──────── Provided information ────────

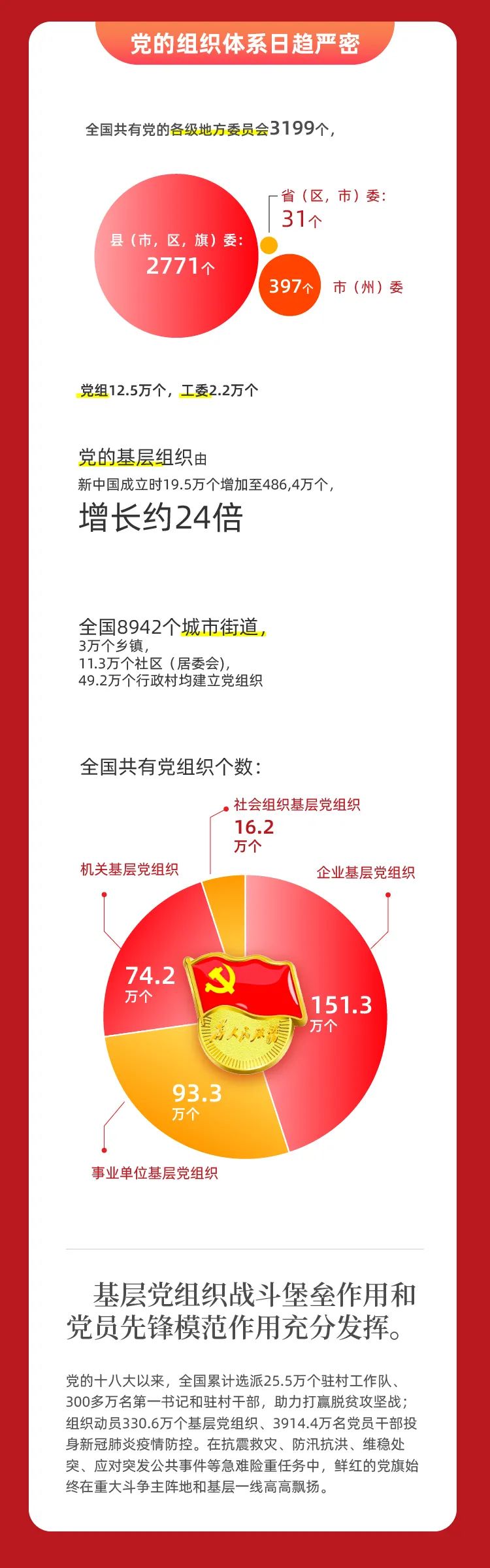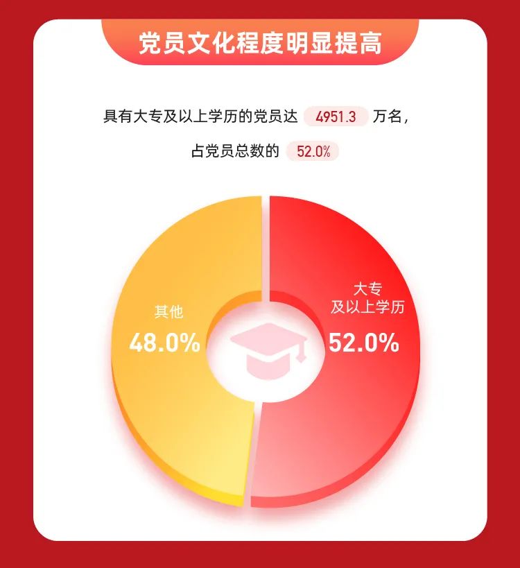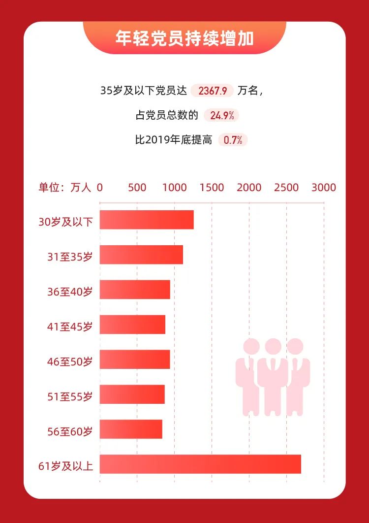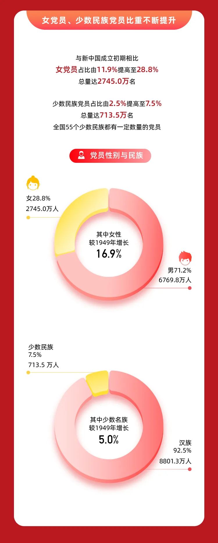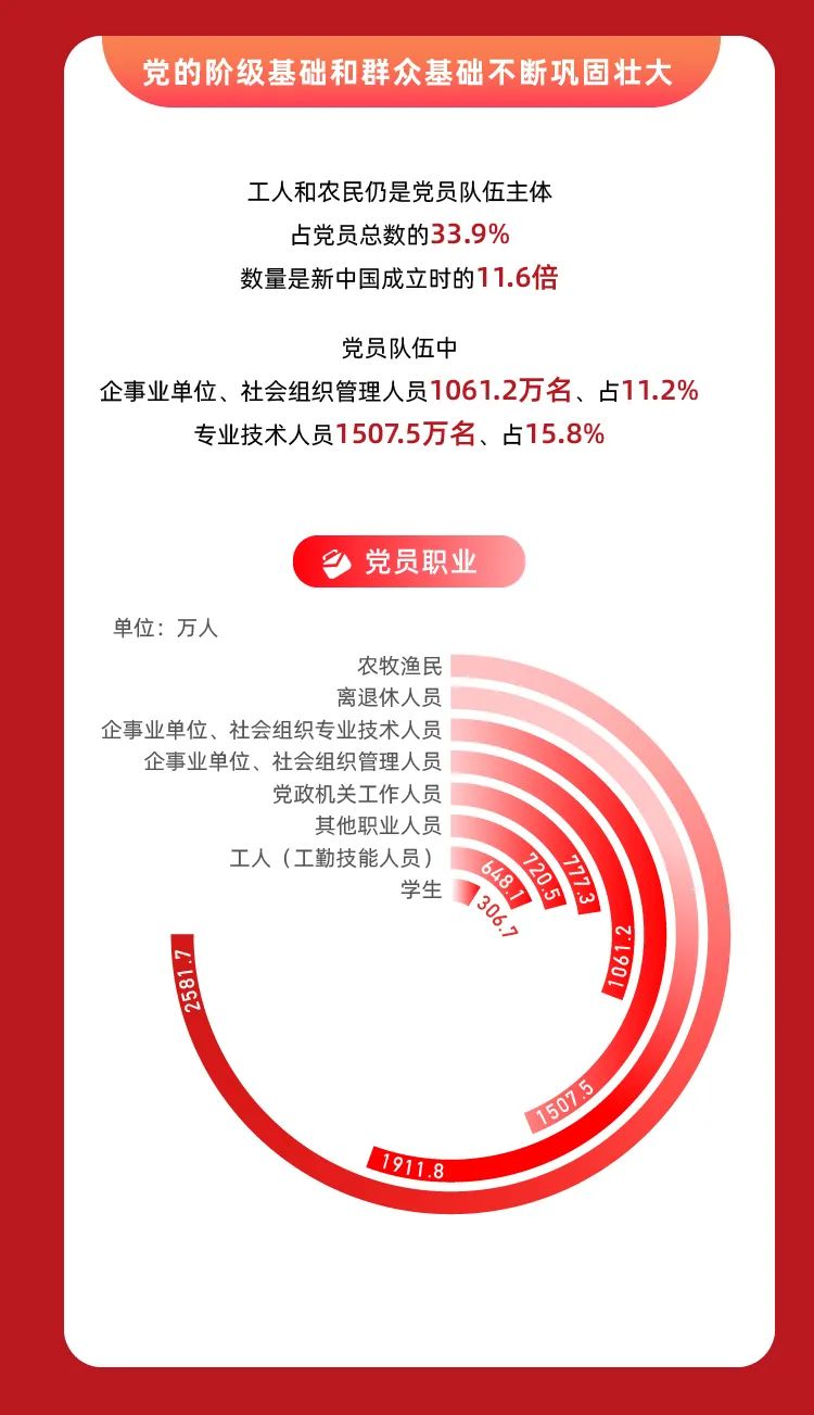 据中央组织部最新统计 截至2021年6月5日 中国共产党党员总数为9514.8万名 较2019年底增长3.5% 较1949年新中国成立时增长约20倍 2021年中国共产党党员是如何构成的? 一图看懂 ↓↓↓
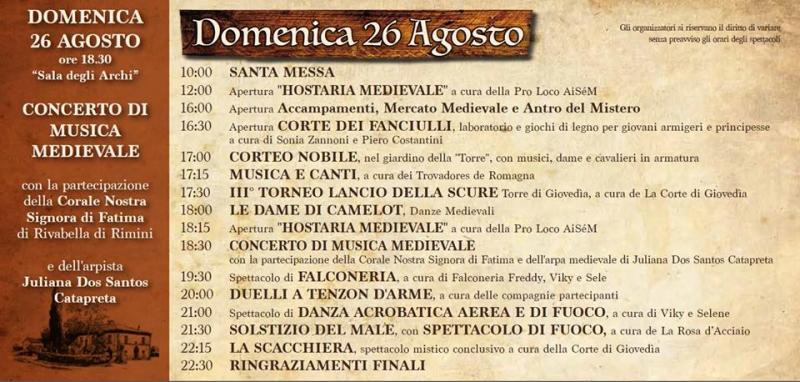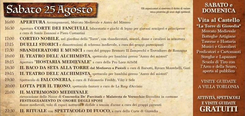 Ad una settimana dall'inizio di quella che si prospetta una spettacolare 3^ Edizione Festa Medievale "La Torre di Giovedìa", siamo lieti di presentarvi il programma completo di questa fantastica 3 giorni in quel di Villa Torlonia - Parco Poesia Pascoli, in cui noi della Corte di Giovedìa e la Proloco Aisem di San Mauro Pascoli vi faremo emozionare con spettacoli, duelli, cantastorie, buon cibo, falchi, mercanti, musica e decine di altre attrazioni.
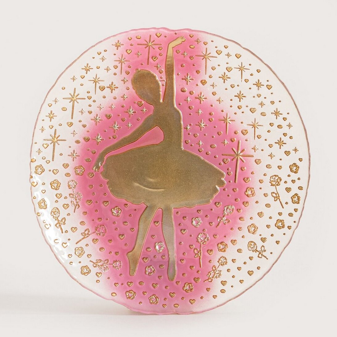 Vánoční motiv baleríny - Růžová barva - Zlatá dekorace - Skleněné nádobí - Růžový skleněný talíř s baletkouRůžový talíř je krásným kouskem nádobí pro vánoční období. Talíř je zdobený zlatým motivem baletky. Pohádkový motiv tanečnice připomíná balet Louskáček. Růžovo-zlatá barevná kombinace dodá...
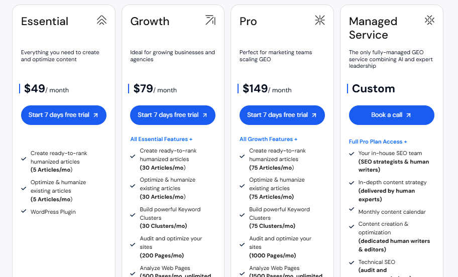 • The Growth Plan at $79 per month provides unlimited AI words, 30 SEO articles monthly, and includes advanced features like SERP analysis tools and team collaboration options. This plan suits growing businesses and small marketing teams.
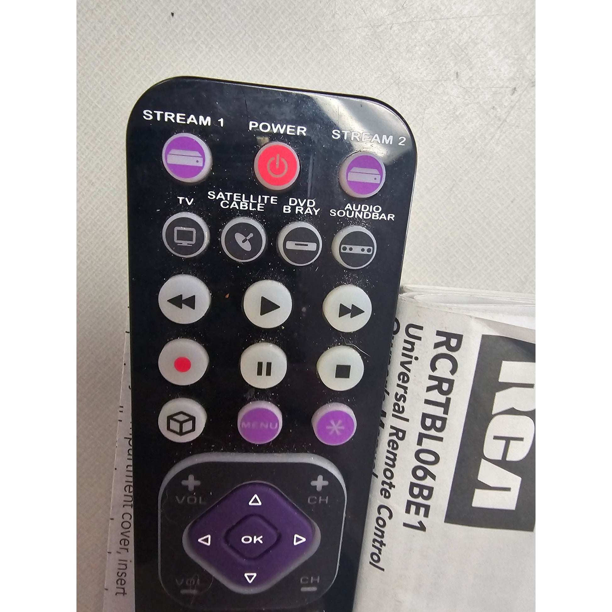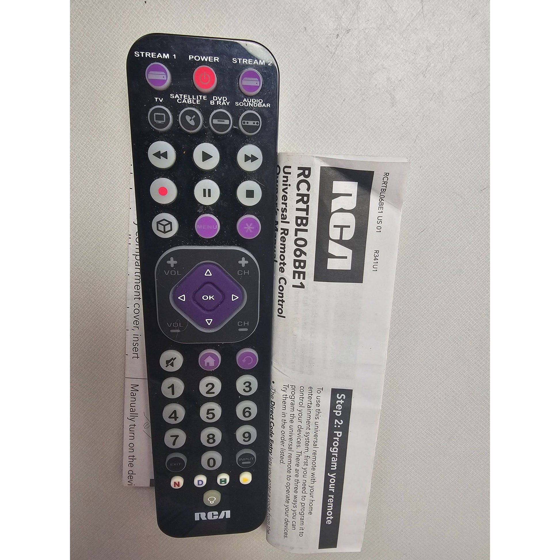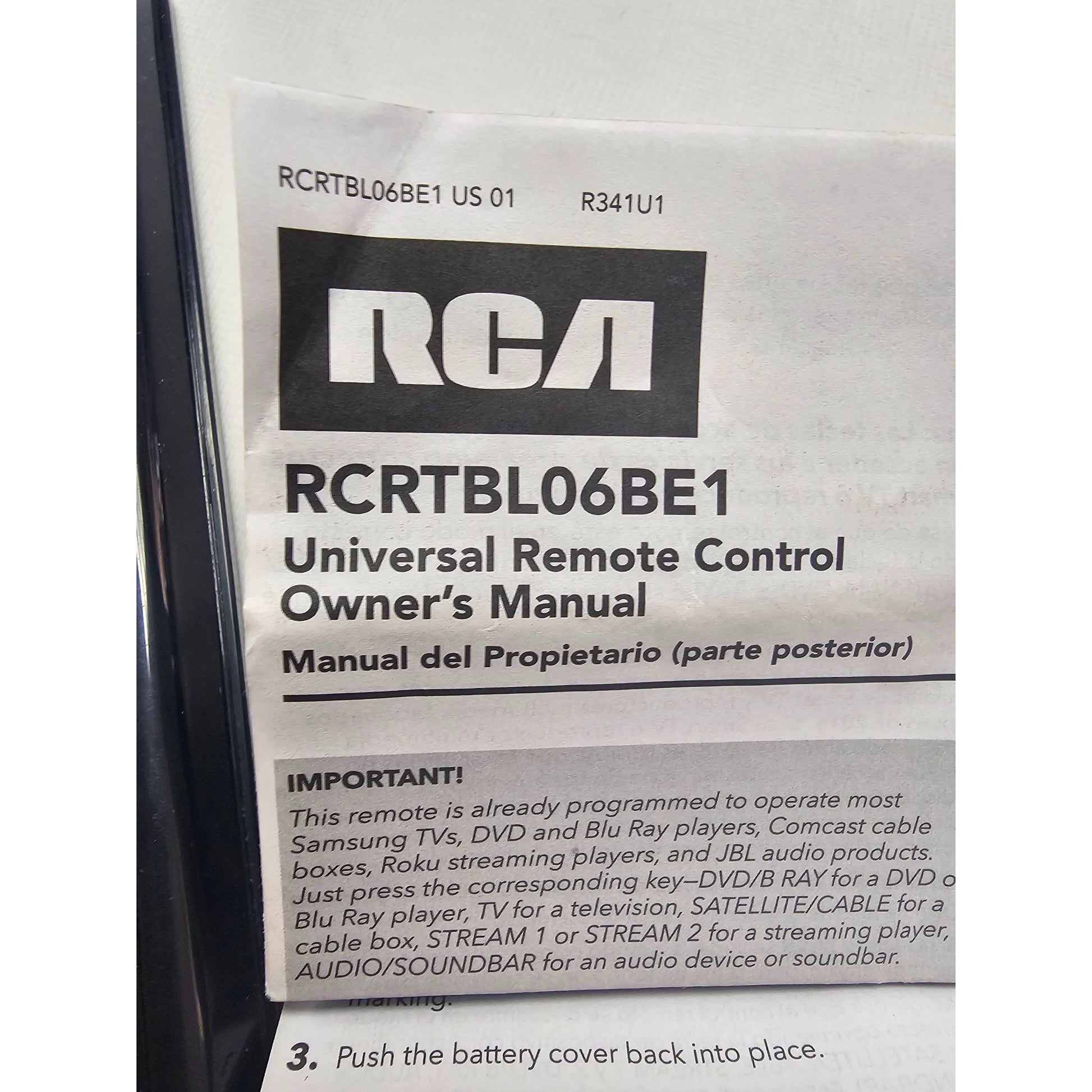 Effortlessly control multiple devices with the RCA Universal Remote RCRTB06BE1. Pre-installed batteries and included manual ensure seamless setup for TVs, DVDs, and more.

────────

■ Brief: Copy, word for word, the entries above from the first line to the line that holds "Ad una settimana". Drop the pictures.

■ Solution to this task:
 据中央组织部最新统计 截至2021年6月5日 中国共产党党员总数为9514.8万名 较2019年底增长3.5% 较1949年新中国成立时增长约20倍 2021年中国共产党党员是如何构成的? 一图看懂 ↓↓↓
 Ad una settimana dall'inizio di quella che si prospetta una spettacolare 3^ Edizione Festa Medievale "La Torre di Giovedìa", siamo lieti di presentarvi il programma completo di questa fantastica 3 giorni in quel di Villa Torlonia - Parco Poesia Pascoli, in cui noi della Corte di Giovedìa e la Proloco Aisem di San Mauro Pascoli vi faremo emozionare con spettacoli, duelli, cantastorie, buon cibo, falchi, mercanti, musica e decine di altre attrazioni.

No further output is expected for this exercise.